默认情况下,正则表达式遵循“最左边最长的规则”:匹配最左边,最长的子字符串。
I'd be inclined to make the regular expression more specific about what it should match, thus:
我倾向于使正则表达式更具体地说明它应该匹配的内容,因此:
'(([^']|(''))*)'
That should match:
这应该匹配:
- The lead-in single-quote character, followed by
- 引号单引号字符,后跟
- zero or more instances of
- a single character other than a single-quote character, or
- 单引号字符以外的单个字符,或
- an "escaped" single-quote character: two consecutive single-quote characters,
- 一个“转义”的单引号字符:两个连续的单引号字符,
- 除单引号字符之外的单个字符的零个或多个实例,或“转义”单引号字符:两个连续的单引号字符,
- followed by the lead-out single-quote character.
- 然后是引出单引号字符。
$0 then gives you the entire match, and $1 the contents of the matched quoted value, exclusive of the lead-in/lead-out quotes.
$ 0然后给你整个匹配,$ 1匹配的报价值的内容,不包括引入/引出报价。
#3
0
http://msdn.microsoft.com/en-us/library/3206d374.aspx#Greedy
http://msdn.microsoft.com/en-us/library/3206d374.aspx#Greedy
Greedy and Lazy Quantifiers
A number of the quantifiers have two versions:
许多量词有两个版本:
A greedy version.
一个贪婪的版本。
A greedy quantifier tries to match an element as many times as possible.
贪婪的量词尝试尽可能多地匹配元素。
A non-greedy (or lazy) version.
非贪婪(或懒惰)版本。
A non-greedy quantifier tries to match an element as few times as possible. You can turn a greedy quantifier into a lazy quantifier by simply adding a ?.
非贪婪量词尝试尽可能少地匹配元素。

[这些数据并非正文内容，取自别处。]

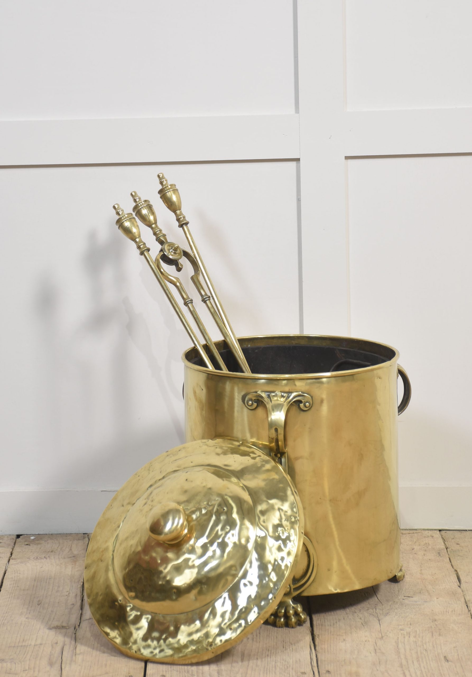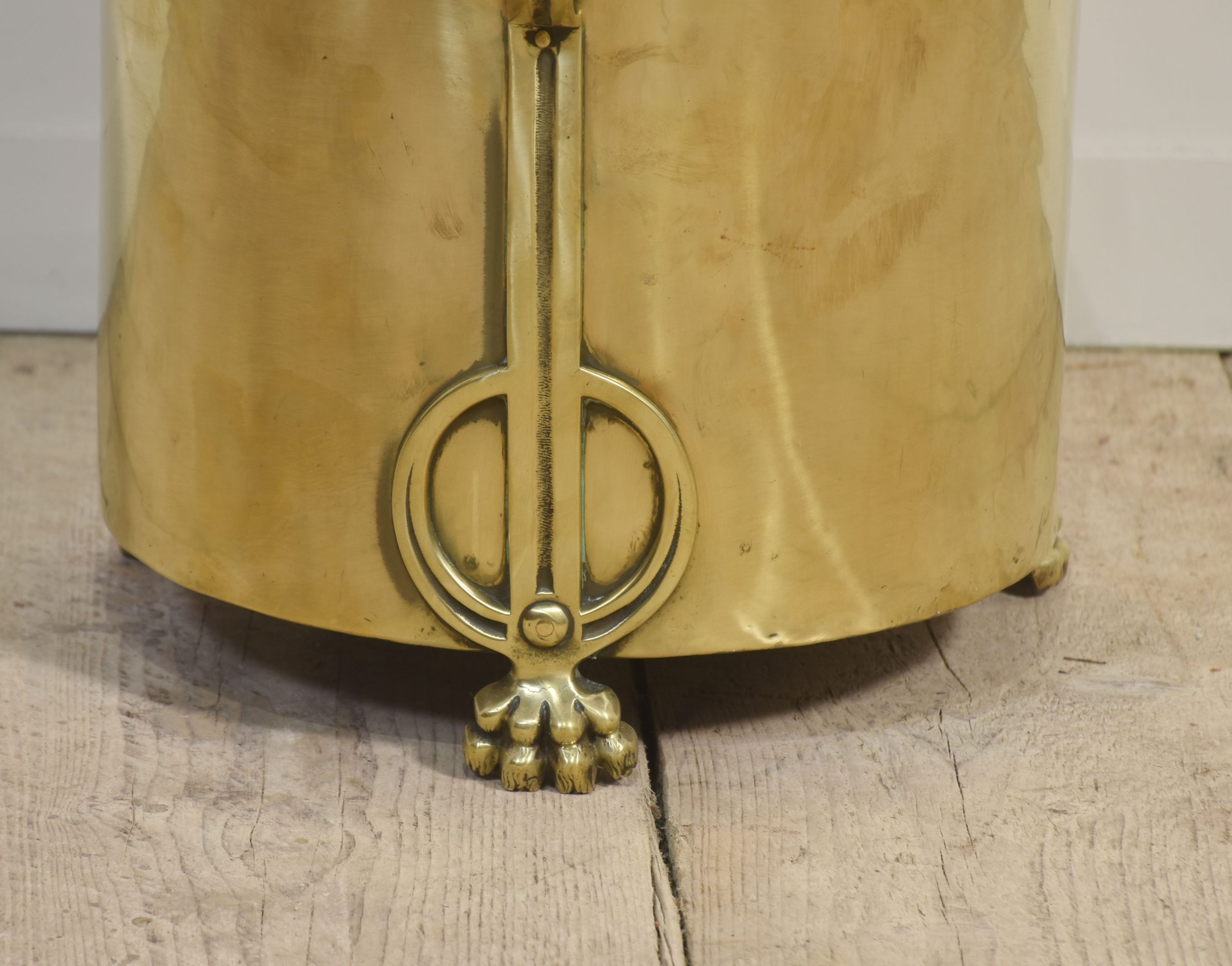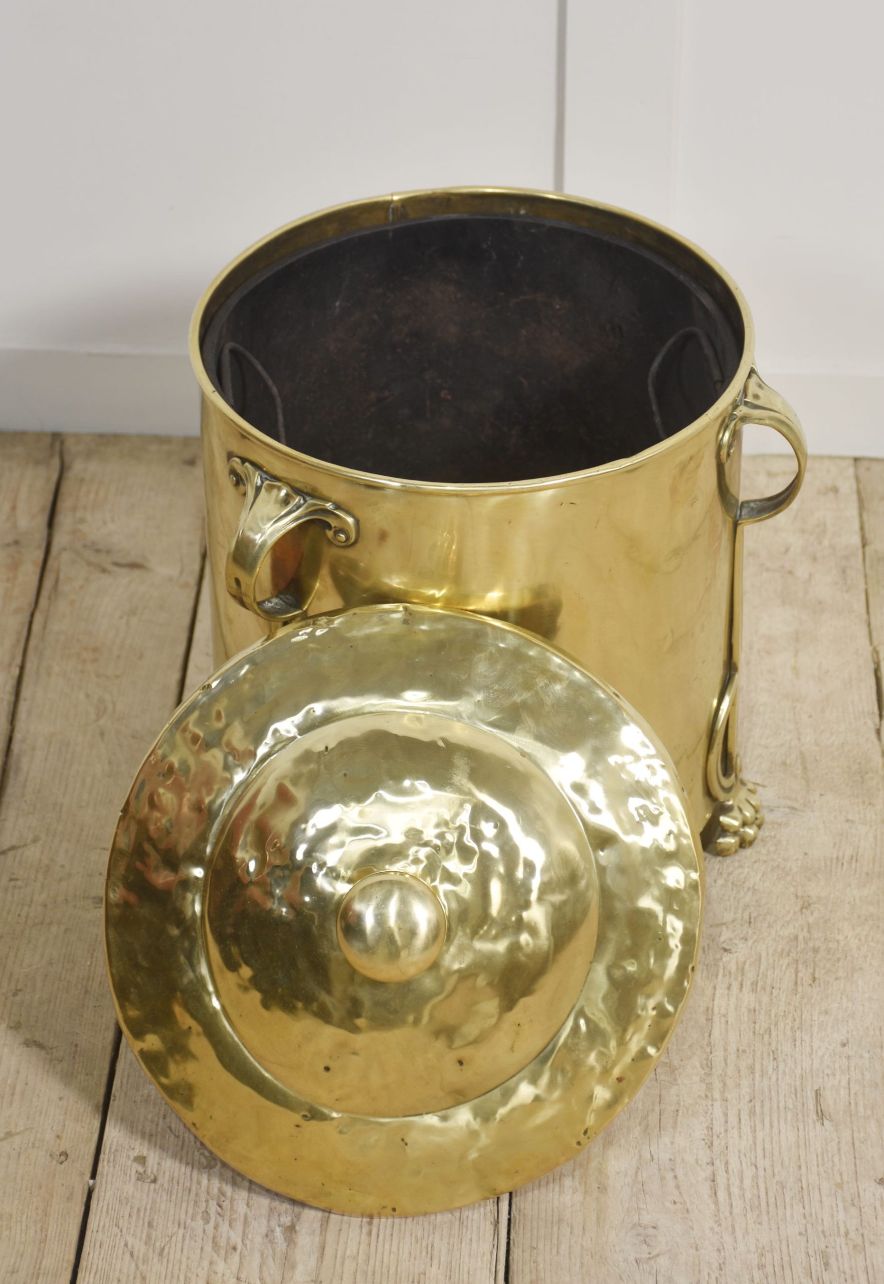 Art Nouveau brass coal bin of cylindrical form, the removable lid opening to reveal the original tin liner. Above three strap-work handles, all raised up on paw feet.
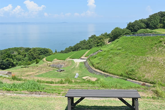 「豊島に来たら豊島のものを食べて帰ってほしい」という島のおばちゃんの思いから生まれた「てしまのお弁当」。自家栽培の野菜、鯛の味噌漬け、天日塩の塩唐揚げなど島の恵みが詰まっています。豊島の旅は、壇山・岡崎公園展望台でこのお弁当を味わい、島民ガイドによる「水がつなぐ島の物語」を聞くところから始まります。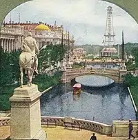 Lago Leste, estátua de São Luís, Palácios da Educação e Manufatura e torre de telégrafo sem fio.

你只需添加一个?就可以将贪婪的量词变成一个懒惰的量词。
#1
2
The problem is that your regex acts in a greedy way and if you change it to the following it will work:
问题是你的正则表达式是以贪婪的方式行事,如果你把它改成以下它会起作用:
@"\'([^)]*?)\'"
#2
1
By default regular expression follow the "leftmost longest rule": the match the leftmost, longest substring possible.

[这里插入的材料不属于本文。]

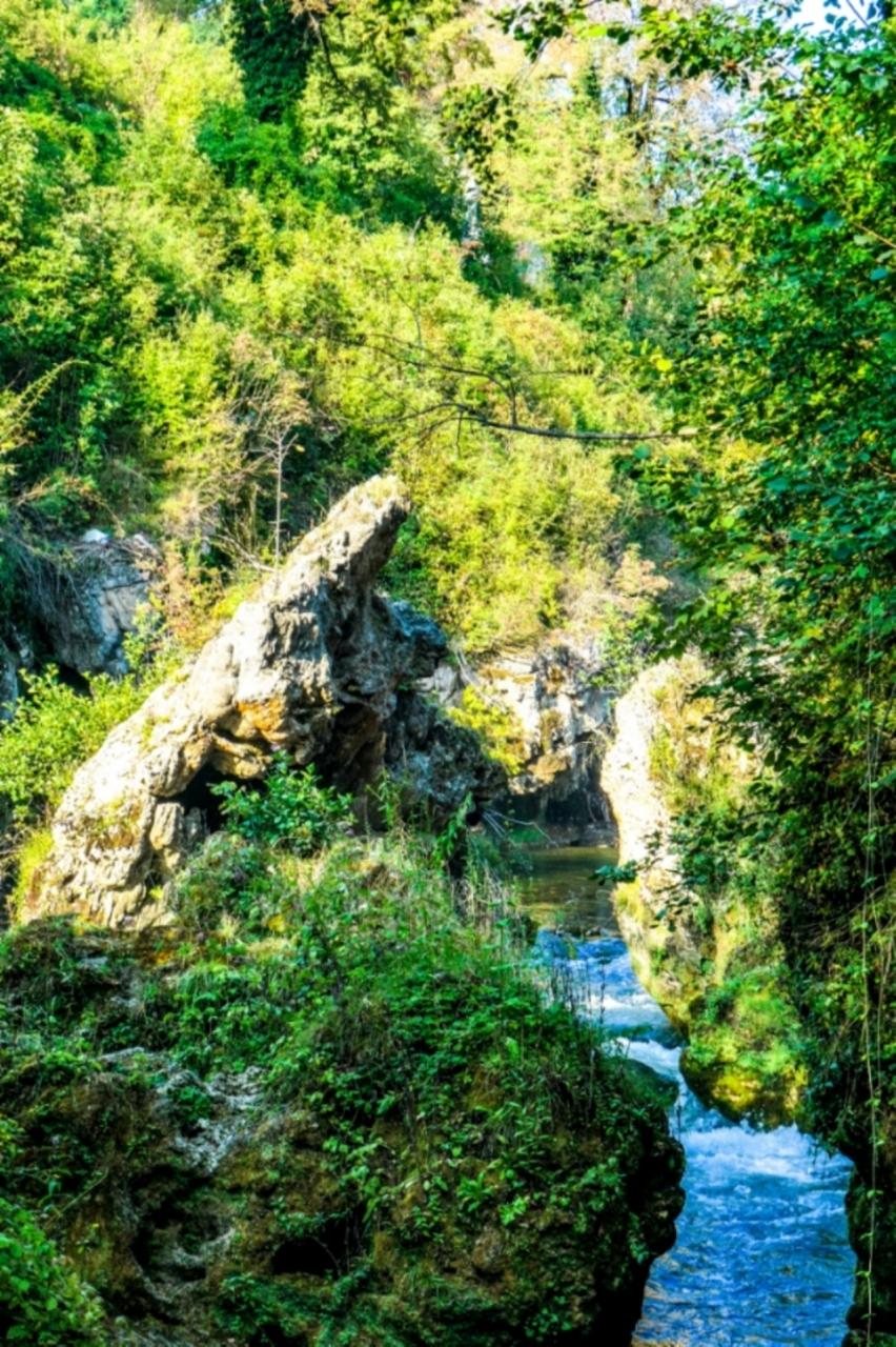 この家なんて真下から滝が流れています!

默认情况下,正则表达式遵循“最左边最长的规则”:匹配最左边,最长的子字符串。
I'd be inclined to make the regular expression more specific about what it should match, thus:
我倾向于使正则表达式更具体地说明它应该匹配的内容,因此:
'(([^']|(''))*)'
That should match:
这应该匹配:
- The lead-in single-quote character, followed by
- 引号单引号字符,后跟
- zero or more instances of
- a single character other than a single-quote character, or
- 单引号字符以外的单个字符,或
- an "escaped" single-quote character: two consecutive single-quote characters,
- 一个“转义”的单引号字符:两个连续的单引号字符,
- 除单引号字符之外的单个字符的零个或多个实例,或“转义”单引号字符:两个连续的单引号字符,
- followed by the lead-out single-quote character.
- 然后是引出单引号字符。
$0 then gives you the entire match, and $1 the contents of the matched quoted value, exclusive of the lead-in/lead-out quotes.
$ 0然后给你整个匹配,$ 1匹配的报价值的内容,不包括引入/引出报价。
#3
0
http://msdn.microsoft.com/en-us/library/3206d374.aspx#Greedy
http://msdn.microsoft.com/en-us/library/3206d374.aspx#Greedy
Greedy and Lazy Quantifiers
A number of the quantifiers have two versions:
许多量词有两个版本:
A greedy version.
一个贪婪的版本。
A greedy quantifier tries to match an element as many times as possible.
贪婪的量词尝试尽可能多地匹配元素。
A non-greedy (or lazy) version.
非贪婪(或懒惰)版本。
A non-greedy quantifier tries to match an element as few times as possible. You can turn a greedy quantifier into a lazy quantifier by simply adding a ?.
非贪婪量词尝试尽可能少地匹配元素。你只需添加一个?就可以将贪婪的量词变成一个懒惰的量词。